Monday, January 15, 2024, by Hajime Yamasaki Vukelic

Knowledge management never actually replaces some types of knowledge.

When I say knowledge management, I mean any effort to record, organize, and store knowledge related to some project. Source code is part of this record. And while such records are certainly very important to keep, they do not guarantee the a project can be done again from scratch with the same result, whether successfully or otherwise.

The lost art

A while ago Pentax, Japanese camera maker, announced they would start making film cameras again. In the announcement video for their project they explained why they were doing this:

In years since Pentax made the first film cameras, many engineers knowledgeable about film cameras have retired. Pentax [...] has always kept complete collections of blueprints, documentation, and similar material from that period. However, you cannot make a film camera just with that. There is expertise in the production methods and many techniques and tricks that cannot be written into the blueprints, that have been verbally passed on by veteran engineers through instruction, generation by generation. Without these, a film camera cannot be made. [...] This is our last chance [...] In a little while, all engineers who know film cameras will be [retired] and I think Pentax will not be able to make a film camera ever again."

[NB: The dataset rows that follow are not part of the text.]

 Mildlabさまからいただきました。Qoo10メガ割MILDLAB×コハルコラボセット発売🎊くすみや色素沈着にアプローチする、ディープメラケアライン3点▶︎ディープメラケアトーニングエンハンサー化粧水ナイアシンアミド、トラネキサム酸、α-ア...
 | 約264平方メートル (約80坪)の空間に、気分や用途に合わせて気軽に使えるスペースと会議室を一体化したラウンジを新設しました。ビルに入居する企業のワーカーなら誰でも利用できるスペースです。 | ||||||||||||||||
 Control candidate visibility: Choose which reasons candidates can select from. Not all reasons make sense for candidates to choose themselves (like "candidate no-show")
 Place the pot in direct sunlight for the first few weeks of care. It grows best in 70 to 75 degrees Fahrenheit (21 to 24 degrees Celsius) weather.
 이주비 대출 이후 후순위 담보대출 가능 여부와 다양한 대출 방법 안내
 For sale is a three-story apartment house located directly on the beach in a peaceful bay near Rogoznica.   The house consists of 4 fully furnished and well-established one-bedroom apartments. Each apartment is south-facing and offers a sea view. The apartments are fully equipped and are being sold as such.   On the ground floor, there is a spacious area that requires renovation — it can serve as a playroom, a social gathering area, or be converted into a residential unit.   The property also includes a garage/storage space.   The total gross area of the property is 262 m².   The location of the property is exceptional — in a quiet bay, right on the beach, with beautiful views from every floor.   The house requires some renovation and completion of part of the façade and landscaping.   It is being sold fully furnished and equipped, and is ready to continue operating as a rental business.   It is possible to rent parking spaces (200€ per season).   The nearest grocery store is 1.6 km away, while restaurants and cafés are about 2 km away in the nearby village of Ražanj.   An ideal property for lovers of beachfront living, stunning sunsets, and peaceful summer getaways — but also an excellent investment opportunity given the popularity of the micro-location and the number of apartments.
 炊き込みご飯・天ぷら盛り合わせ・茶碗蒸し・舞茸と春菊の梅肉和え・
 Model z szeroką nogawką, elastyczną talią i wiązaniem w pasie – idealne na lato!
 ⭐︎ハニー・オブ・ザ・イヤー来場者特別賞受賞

(Takeo Suzuki, product designer, Pentax)

This is what we commonly recognize as tacit, or implicit knowledge, things that can only be learned through direct experience in training or independent exploration. A big part of why expert practitioners are able to operate at very high levels of performance is precisely because they don't necessarily take time to verbalise every decision they make. A lof it is therefore never recorded, and sometimes cannot even be recalled, even though it clearly works.

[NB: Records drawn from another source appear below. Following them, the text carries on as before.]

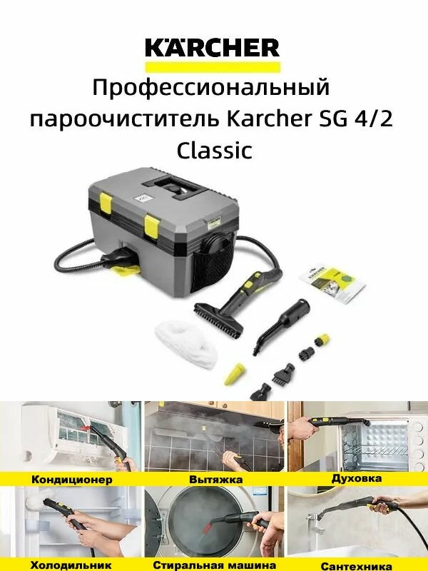 Купить Пароочиститель Karcher SG 4/2 Classic 2050 Вт, насадки — 7 шт с доставкой по всей России. Пароочиститель Karcher SG 4/2 Classic 2050 Вт, насадки — 7 шт: сравнение цен, характеристики, фото, актуальное наличие и цены.
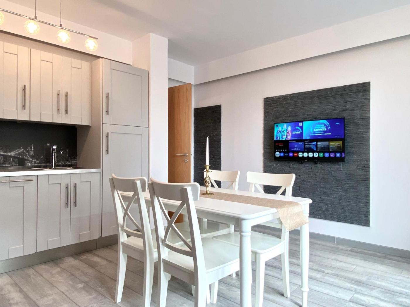 One-Bedroom Apartment. The apartment has 1 bedroom, 1 bathroom and a kitchen. The apartments kitchen is available for cooking and storing food. Boasting a balcony, this apartment also features a washing machine, heating and a flat-screen TV. The unit has 2 beds.
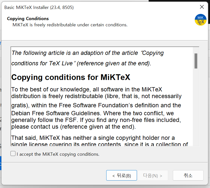 다운로드 하고 따로 건드릴 것 없이 다음 다음 눌러서 설치한다. 설치 메뉴얼에는 이걸 basic모드로 설치하면 추가로 뭘 더 해줘야 된다고 나와있긴 한데, 현재까지는 크게 문제없이 Manim library가 잘 돌아가고있어서 그냥 basic 모드로 설치하는게 원활한 것 같음, Full version으로 설치하려고 하니 다운로드도 오래걸리고 뭔가 불편하다. (환경변수 등록 필요없음)

Combating the loss of expertise

Amids the waves of layoffs, people are thinking about ways to reduce the damage of experts leaving the force. As usual, recording their knowledge sounds like a very obvious way to mitigate the damage. Unfortunately, reducing the impact of layoffs by doing systematic knowledge management will ultimately result in a huge database of useless documents in the absence of proper experience transfer.

When there are no veteran engineers who can train the staff, the history of knowledge is interrupted. The remaining staff has no other choice by to retrace the steps of their predecessors on their own and from scratch, a long and arduous process with no guarantees of ever reaching the same results as before.

How to prevent the loss of expertise

The only way loss of expertise can be prevented is to replicate the tacit knowledge. This can only be done between humans that share the same context (work on the same project, for example), and intermediaries like written document do not suffice. Even presentations are not sufficient.

What actually needs to happen is to get two people to share the context as much as possible, and then have them observe each other while working. Pair coding is a common practice to facilitate the transfer of implicit knowledge, but it can also be done in the form of explicit training.

Because this process takes time and a positive attitude, when the layoff is already happening, it is way too late to think about it. It has to be done on an ongoing basis right from the first day. It is never too late to start, though.